Georges Antoine Chavez (January 13, 1887 - September 27, 1910), also known as Jorge Chávez or Géo Chavez, was a Peruvian aviator. At a young age, he achieved fame for his aeronautical feats. He died in 1910 after a heavy wind broke the wings of his fragile airplane Bleriot XI, falling from a twenty-meter height upon landing, after achieving the first air crossing of the Pennine Alps.

==Early life==
Georges Chavez was born in Paris, France to Peruvian parents Manuel Chávez Moreyra and María Rosa Dartnell y Guisse. He studied at the Violet School, from which he graduated with an engineer's degree in 1908.

==Career==
Chávez attended the school of aviation established by Henry and Maurice Farman where he got his pilot license and undertook his first flight in Reims on February 28, 1910. Afterwards he participated in several aviation competitions throughout France and other European countries. On August 8 of the same year he took a Blériot monoplane to Blackpool, England where he achieved fame after attaining an altitude of 5405 ft. He improved his mark by flying at 8700 ft over the city of Issy, France on September 6.

==Death==
After this successful series, Chávez decided to undertake the first air crossing of the Pennine Alps (but not the Alps). This attempt was made in response to a prize of $20,000 offered by the Aero Club of Italy for the first aviator to make the trip alive.

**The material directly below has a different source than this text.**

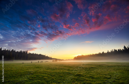 Amaizing sunrise view on Durmitor mountains, National Park, Mediterranean, village Zabljak, Montenegro, Balkans, Europe. Strange misty pasture in the sunlight. Bright summer view on alpine valley.
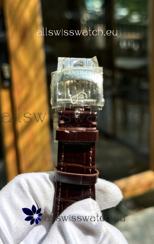Genuine Leather Strap with Double Fold Stainlless Steel Clasps with Patek Philippe Markings/Engravings

After several delays due to bad weather, he took off from Ried-Brig, Switzerland on September 23, 1910, and made his way through the Simplon Pass. Before departing he said, "Whatever happens, I shall be found on the other side of the Alps". Fifty-one minutes later he arrived at his destination, the city of Domodossola, Italy, but his plane crashed upon landing. It is believed that the airplane had been damaged previously and inadequately repaired, which caused the aircraft to break under the heavy winds of the mountains. Badly injured but conscious, Chávez was taken to San Biaggio Hospital of Domodossola, where he was officially declared winner of the competition and received telegrams from all over the world congratulating him for his achievement. He also received the visit of the president of the Aero Club of Italy and gave one last interview to his friend the journalist Luigi Barzini, telling all the details of his flight. He died four days later of massive blood loss. His last words were, "Arriba, siempre arriba, hasta las estrellas" ("Higher, always higher, until the stars"), according to the testimony of his friend and compatriot aviator Juan Bielovucic.

==Legacy==

The death of Jorge Chávez caused great commotion in the aviation world. Brig and Domodossola, the start and end points of his last flight, dedicated monuments to the lost aviator. In Peru, Chávez became an icon for aviation-related institutions such as the Air Force. His remains were initially buried in France but repatriated to Peru in 1957, where they currently rest at the Officers' School of the Peruvian Air Force at Las Palmas. The International Airport of Lima, inaugurated in 1960, is named after him. A life-sized replica of Chávez famous Blériot XI monoplane is still on display at the air terminal.
As Chavez spent most of his flying career in France with French-made aeroplanes and was very popular in France at the time, the city of Paris named a street after him in the 20th Borough (20° arrondissement) of Paris.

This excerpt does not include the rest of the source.